None of us know how much time we have on the planet. I want as many years as possible to be vital, mobile, alert, and pain-free. The diseases that knock out most of us are expensive, chronic, and take decades to finally kill us off. Those last 15-30 years are not easy ones….and the new generation is being diagnosed with some of these diseases (like type 2 Diabetes) before they are even old enough to vote. I’d rather avoid such diseases altogether, and like my great-grandmother, remain active and engaged in my community until mere months before I pass.

Do I get 10 servings of vegetables a day? Sometimes. When I am aiming to, I reliably get between 7 and 10 servings. When I get caught up in life I get about 4-6. However, before I committed to seeking out 10 a day getting caught up in life meant I only managed 1-2 servings in a day. The difference I personally feel maintaining a minimum of 4-6 instead of 1-2 is remarkable. My clients express the same outcome. It shows up differently for different people – most of us find our digestion to be more regular and, dare I say it, delightful. Some also get the added benefit of improved moods and better energy. Some find chronic pain disappears. Others are able to come off blood pressure meds and find their blood sugar back within normal limits. One of the adventures of taking people on a journey to increase their veggies is that we don’t know what the outcome will be – only that it will be good. It’s a fun trip to take!


Regardless of whether you ascribe to a vegan, paleo, Mediterranean or even ketogenic diet, you need an abundant of produce to thrive. And nearly all dietary modalities attributed to reversing chronic disease, such as heart disease or multiple sclerosis, have their root in a diet high in produce. Vegetables provide antioxidants that protect cells from pollution as well as the wear and tear of daily life. They provide fiber to help regulate bowels and feed the beneficial bacteria that produce certain vitamins as well as help regulate the immune system, mood, and maintain healthy cholesterol levels.
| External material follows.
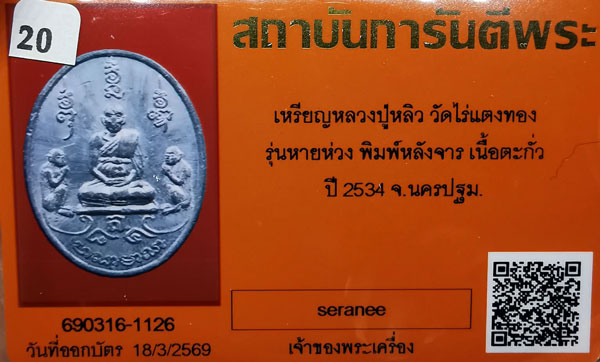 เหรียญหลวงปู่หลิว วัดไร่แตงทอง รุ่นหายห่วง พิมพ์หลังจาร เนื้อตะกั่ว ปี2534 จ.นครปฐม + บัตรG-pra สภาพเดิมค่ะ |

Park, Y. (2010). Intakes of vegetables and related nutrients such as vitamin B complex, potassium, and calcium, are negatively correlated with risk of stroke in KoreaNutrition research and practice4(4), 303-310.

Aune, D., Giovannucci, E., Boffetta, P., Fadnes, L. T., Keum, N., Norat, T., … & Tonstad, S. (2017). Fruit and vegetable intake and the risk of cardiovascular disease, total cancer and all-cause mortality—a systematic review and dose-response meta-analysis of prospective studiesInternational journal of epidemiology46(3), 1029-1056.